Exercise requirements:
Without the pictures, set down everything in the listing exactly.

Data provided:
------------------------------------
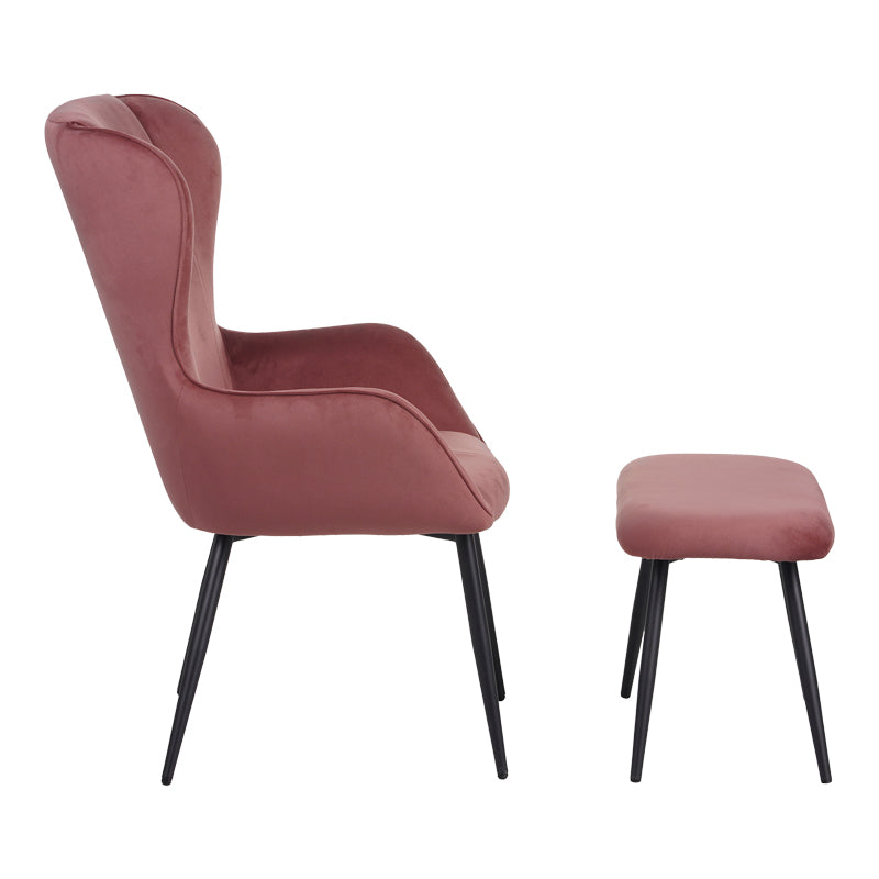 Това елегантно кресло, със своята комбинация от кадифе и черна метална рамка, добавя нотка лукс към всяко пространство. Приложената табуретка идеално допълва комплекта и може да се използва като поставка за крака или като допълнителна седалка.
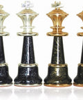 These large, decorative chess pieces offer a substantial table presence and smooth handling. The gold- and silver-plated brass provides refined contrast against the patterned wood, creating a luxury chess aesthetic that complements premium wooden chessboards. Ideal as replacement chess pieces or a standout upgrade for a display chess set.
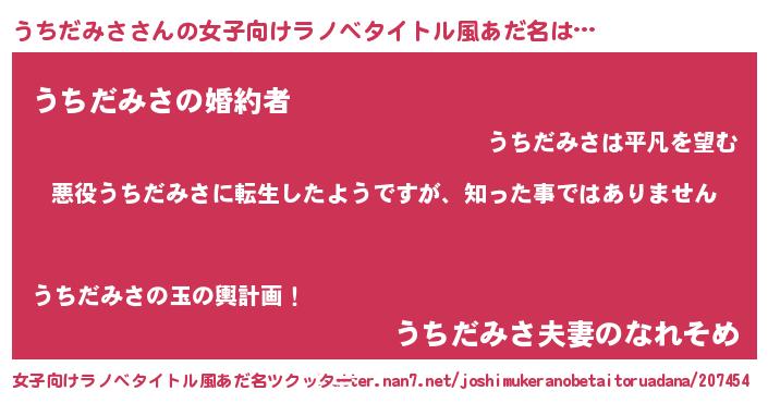 | 男性向けラノベタイトル風あだ名 | 『この素晴らしい世界にうちだみさを!』 |
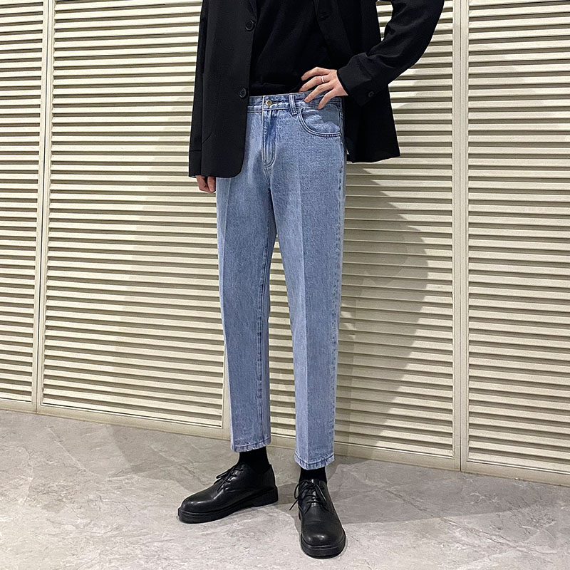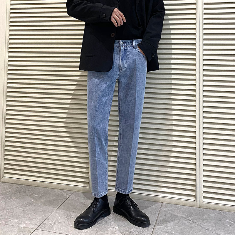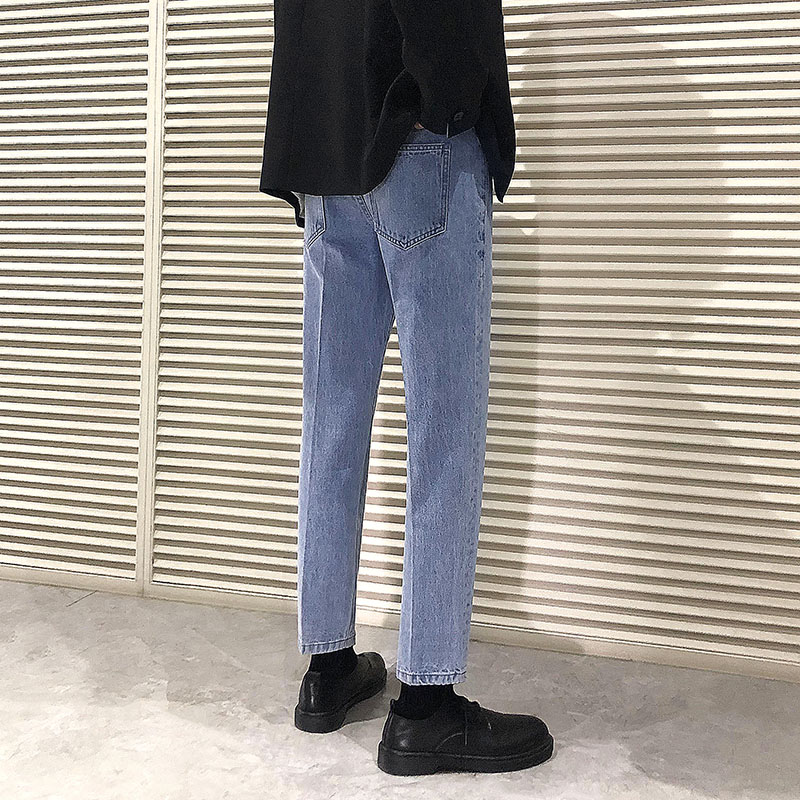 高腰设计,拉长身材比例。高腰牛仔裤,显瘦显腿长。直筒裤型,修饰腿部线条。
------------------------------------
Exercise output:
 Това елегантно кресло, със своята комбинация от кадифе и черна метална рамка, добавя нотка лукс към всяко пространство. Приложената табуретка идеално допълва комплекта и може да се използва като поставка за крака или като допълнителна седалка.
 These large, decorative chess pieces offer a substantial table presence and smooth handling. The gold- and silver-plated brass provides refined contrast against the patterned wood, creating a luxury chess aesthetic that complements premium wooden chessboards. Ideal as replacement chess pieces or a standout upgrade for a display chess set.
 | 男性向けラノベタイトル風あだ名 | 『この素晴らしい世界にうちだみさを!』 |
 高腰设计,拉长身材比例。高腰牛仔裤,显瘦显腿长。直筒裤型,修饰腿部线条。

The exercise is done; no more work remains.